• [Work required] From the material below, please set down exactly the lines starting with the one with "Der SV Ofenerdiek" and going on through the one with "温度决定了派的口感。刚出炉的", without a single picture.

• [Records shown]
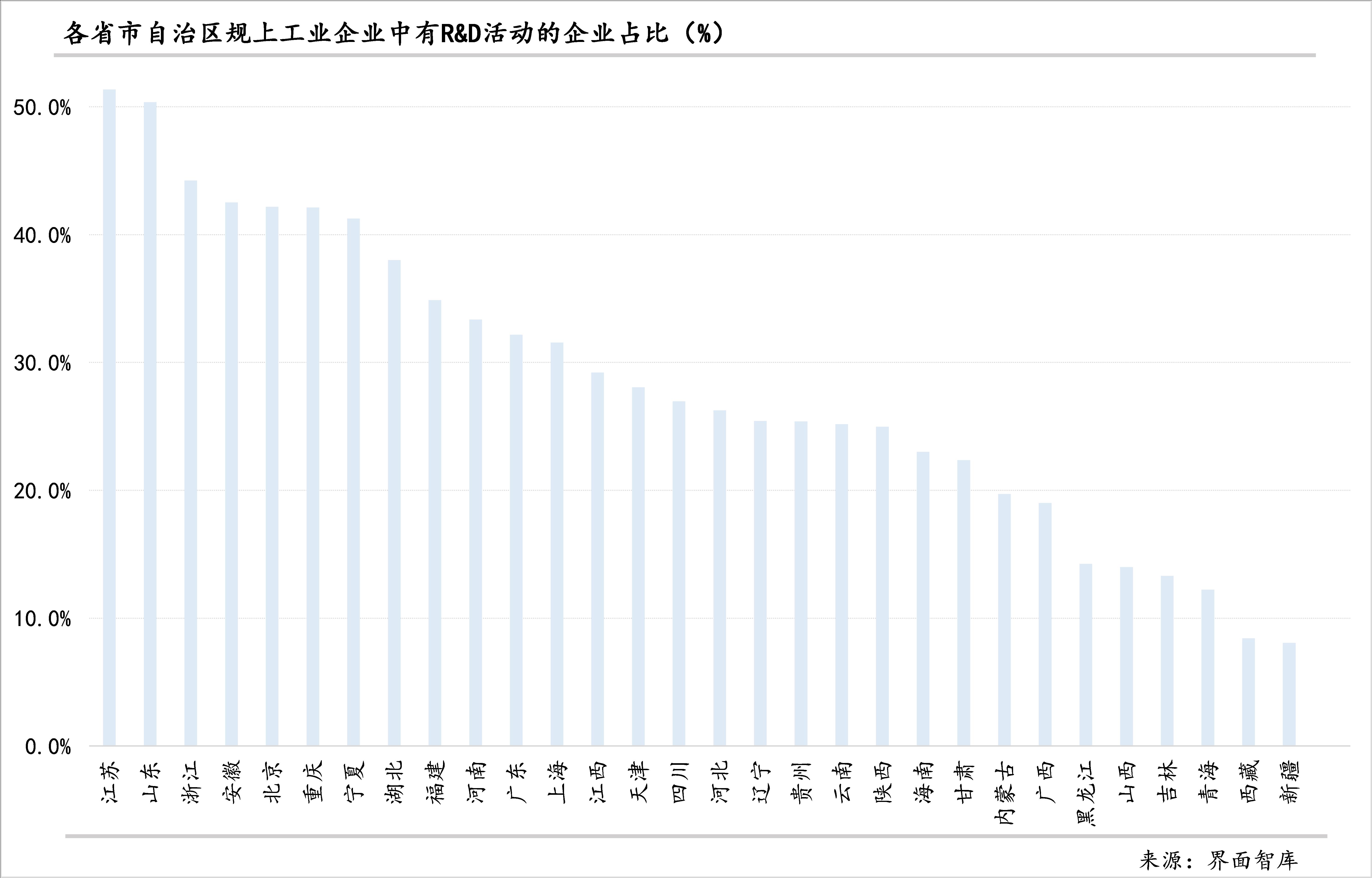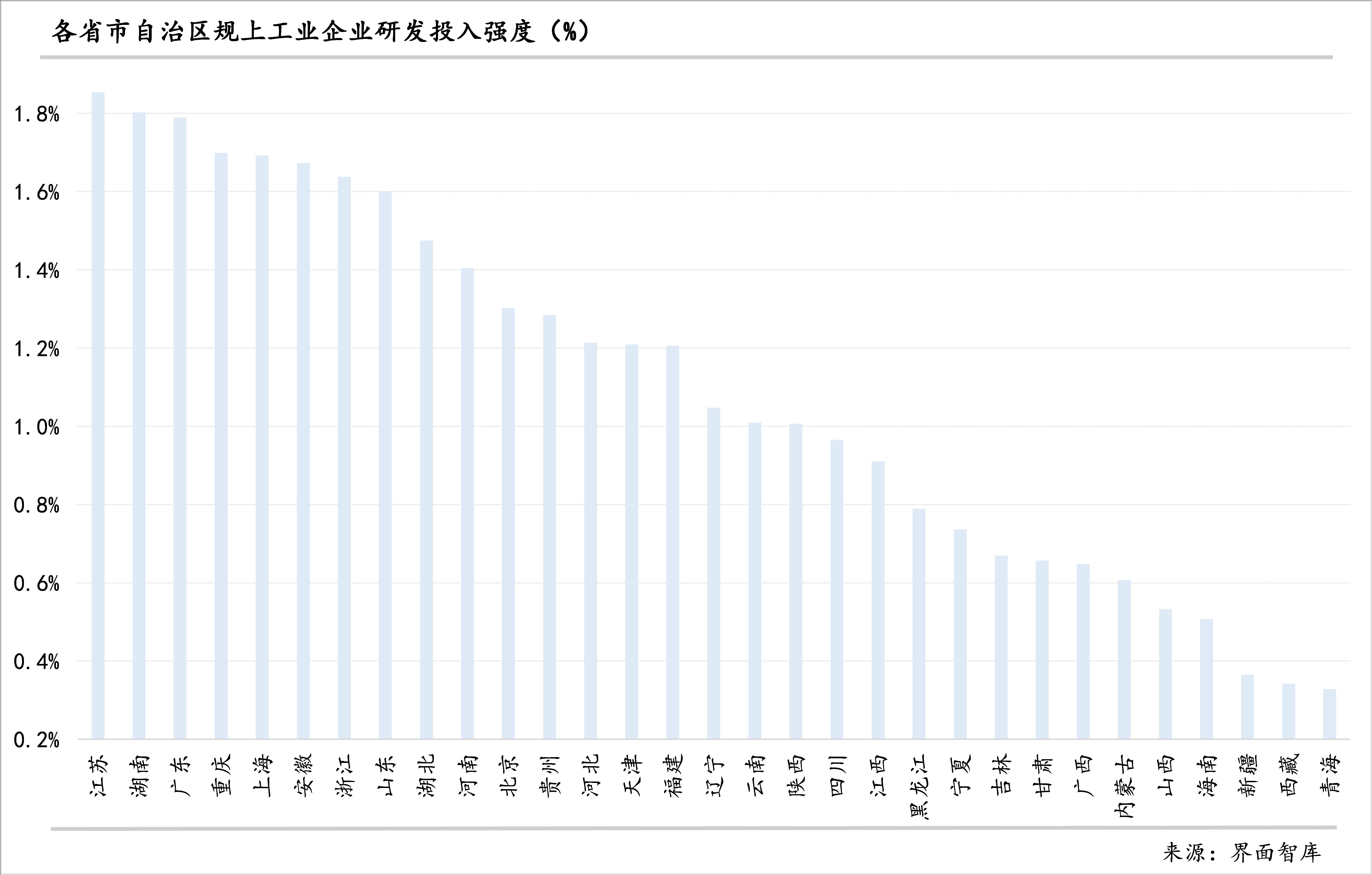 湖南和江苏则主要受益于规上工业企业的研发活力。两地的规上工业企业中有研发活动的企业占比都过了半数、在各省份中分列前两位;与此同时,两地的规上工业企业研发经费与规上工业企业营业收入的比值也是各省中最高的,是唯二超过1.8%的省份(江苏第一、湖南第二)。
* * *
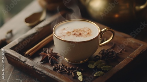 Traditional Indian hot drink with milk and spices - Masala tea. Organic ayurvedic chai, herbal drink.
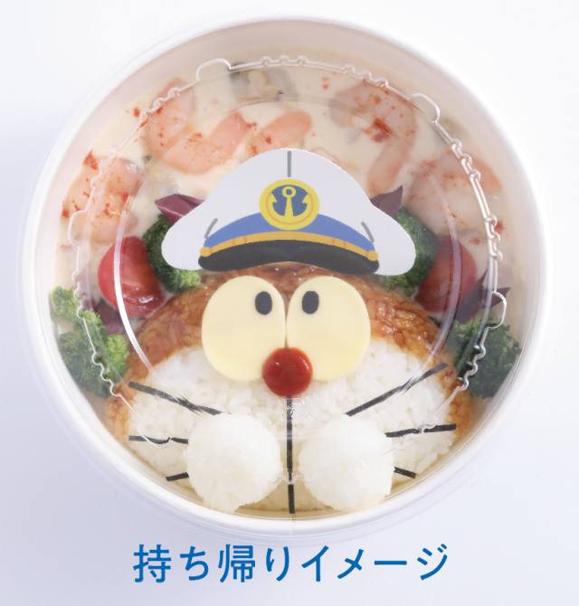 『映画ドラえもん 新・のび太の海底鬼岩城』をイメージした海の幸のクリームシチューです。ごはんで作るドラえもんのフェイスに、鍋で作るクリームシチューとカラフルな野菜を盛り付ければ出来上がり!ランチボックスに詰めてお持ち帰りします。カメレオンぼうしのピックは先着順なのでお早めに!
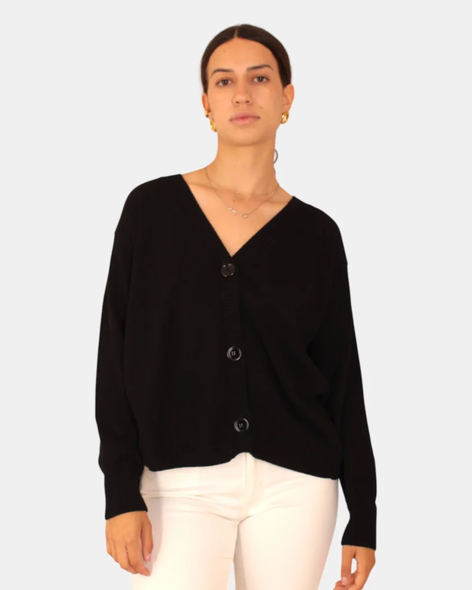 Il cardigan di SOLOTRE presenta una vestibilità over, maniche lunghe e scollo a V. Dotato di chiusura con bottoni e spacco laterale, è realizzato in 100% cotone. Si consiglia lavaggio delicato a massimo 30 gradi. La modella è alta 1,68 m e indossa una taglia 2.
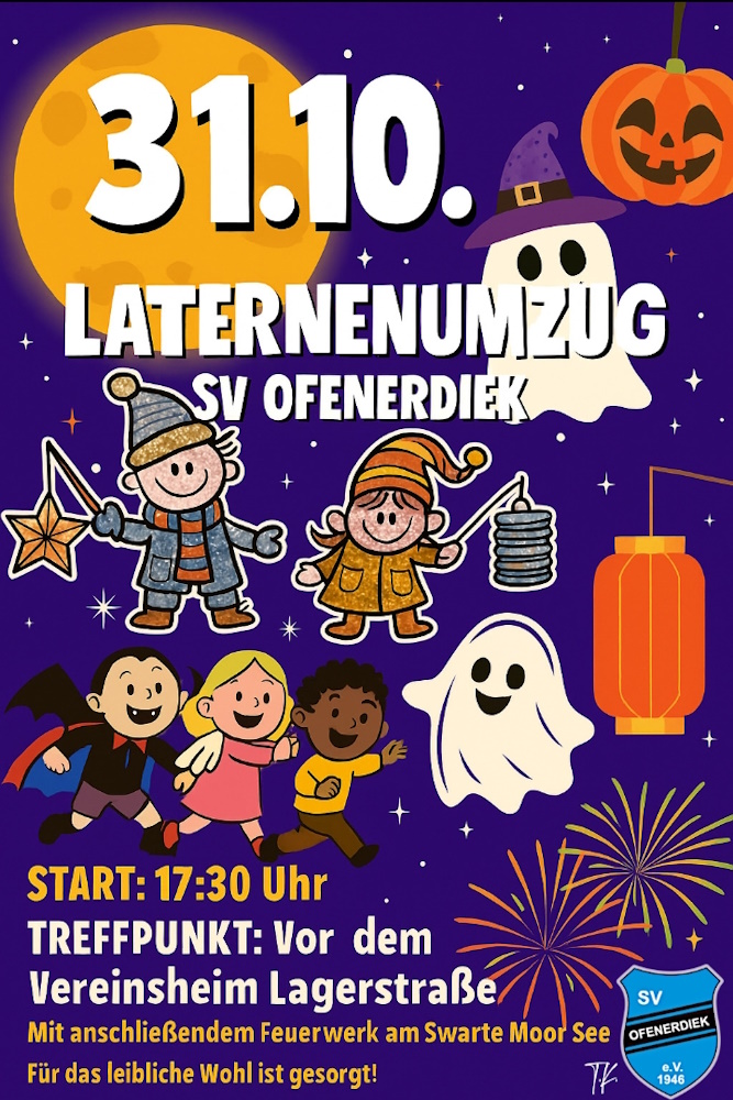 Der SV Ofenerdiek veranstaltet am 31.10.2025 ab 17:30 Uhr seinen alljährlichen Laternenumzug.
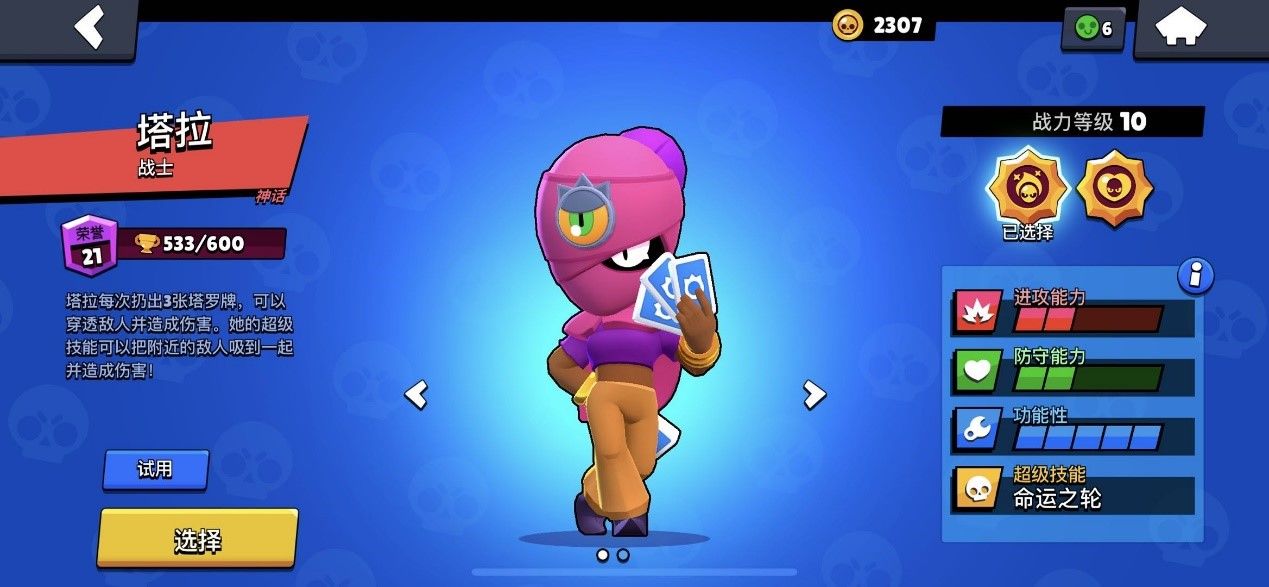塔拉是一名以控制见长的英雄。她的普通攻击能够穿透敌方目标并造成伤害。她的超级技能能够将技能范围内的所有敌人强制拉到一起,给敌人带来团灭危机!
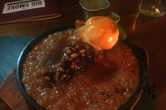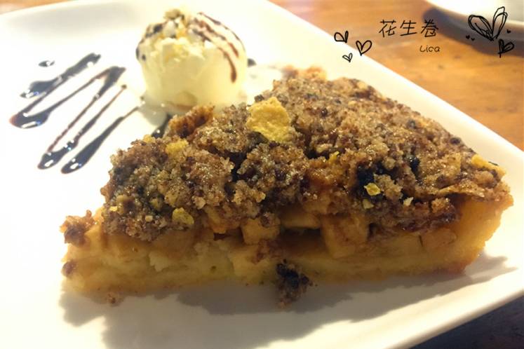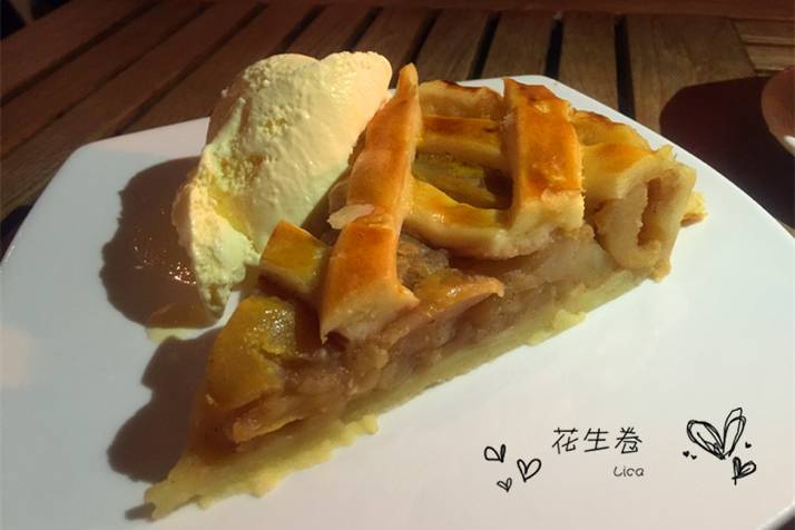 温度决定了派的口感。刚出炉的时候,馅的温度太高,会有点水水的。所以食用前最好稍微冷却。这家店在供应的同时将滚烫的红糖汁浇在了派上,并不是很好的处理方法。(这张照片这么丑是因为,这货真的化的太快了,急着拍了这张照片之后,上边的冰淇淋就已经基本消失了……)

• [Response to the task]
 Der SV Ofenerdiek veranstaltet am 31.10.2025 ab 17:30 Uhr seinen alljährlichen Laternenumzug.
塔拉是一名以控制见长的英雄。她的普通攻击能够穿透敌方目标并造成伤害。她的超级技能能够将技能范围内的所有敌人强制拉到一起,给敌人带来团灭危机!
 温度决定了派的口感。刚出炉的时候,馅的温度太高,会有点水水的。所以食用前最好稍微冷却。这家店在供应的同时将滚烫的红糖汁浇在了派上,并不是很好的处理方法。(这张照片这么丑是因为,这货真的化的太快了,急着拍了这张照片之后,上边的冰淇淋就已经基本消失了……)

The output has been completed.